31 de março de 2007

Carpe Diem o escambau!

Até que ponto podemos confiar em nosso coração para tomar decisões?

Diferente da facilidade dos tempos antigos, hoje não contamos com oráculos e/ou mensageiros dos deuses para consultar dúvidas e questões amorosas da vida, tomando esta última apenas como exemplo.

Agora... qual é o limite entre achar e sentir? Como podemos diferenciar? O achar é consciente. Todas as suas crenças, signos e capitais simbólicos estão dentro do achar. Mas acredito que temos o oposto também. O coração é uma das únicas partes puras do nosso corpo. Sem qualquer conexão direta com o mundo exterior, mas com uma fundamental importância em nosso mundo interior. Talvez ele esteja conectado também à todos os outros corações do mundo. Enfim... um coração sem influências externas, de uma sociedade, que pode apenas sentir, sem julgar. Apenas sentir... sentir o verdadeiro significado das coisas, o que as pessoas realmente são e o que não são.

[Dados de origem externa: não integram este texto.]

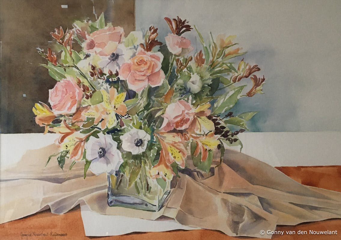 De tentoonstelling met als thema ‘bloemen’ van Gonny van den Nouwelant is nog te bekijken tot en met 27 november 2025 in de wandelgang van de Tweemaster, Vondelpark 2, Maassluis.

Desculpe... mas sou adepto do coração. E não me arrependo de ser sincero, falar e entender o que talvez não possa ser entendido nas linhas, mas nas entrelinhas. Porra! Siga seu coração, sem medo de ser feliz, sem pensar no que os outros vão pensar e sem se colocar em um conceito pré-estabelecido, ou melhor. Num pré-conceito.

Não tente controlar sua vida e fazer dela algo que não é. Deixe a vida te levar. Sem pressa, sem preocupações, sem pensar que você não aproveitou intensamente aquele momento. Carpe Diem é só mais uma forma de vender perfumes para conquistar garotas.

Pois bem... antes de conquistar garotas, conquiste seu coração. Tenho certeza de que ele irá te levar para o lugar certo, na hora certa e na velocidade certa.

(em casa / ao som de Wake Up - Alanis Morissette / em dúvida e na quase certeza / aguentando o que eu acho que não mereço aguentar / acho que sou o Superman / só queria esquecer algumas coisas / seguindo meu coração mas esperando que corações sejam seguidos / categoria do post: "ó vida")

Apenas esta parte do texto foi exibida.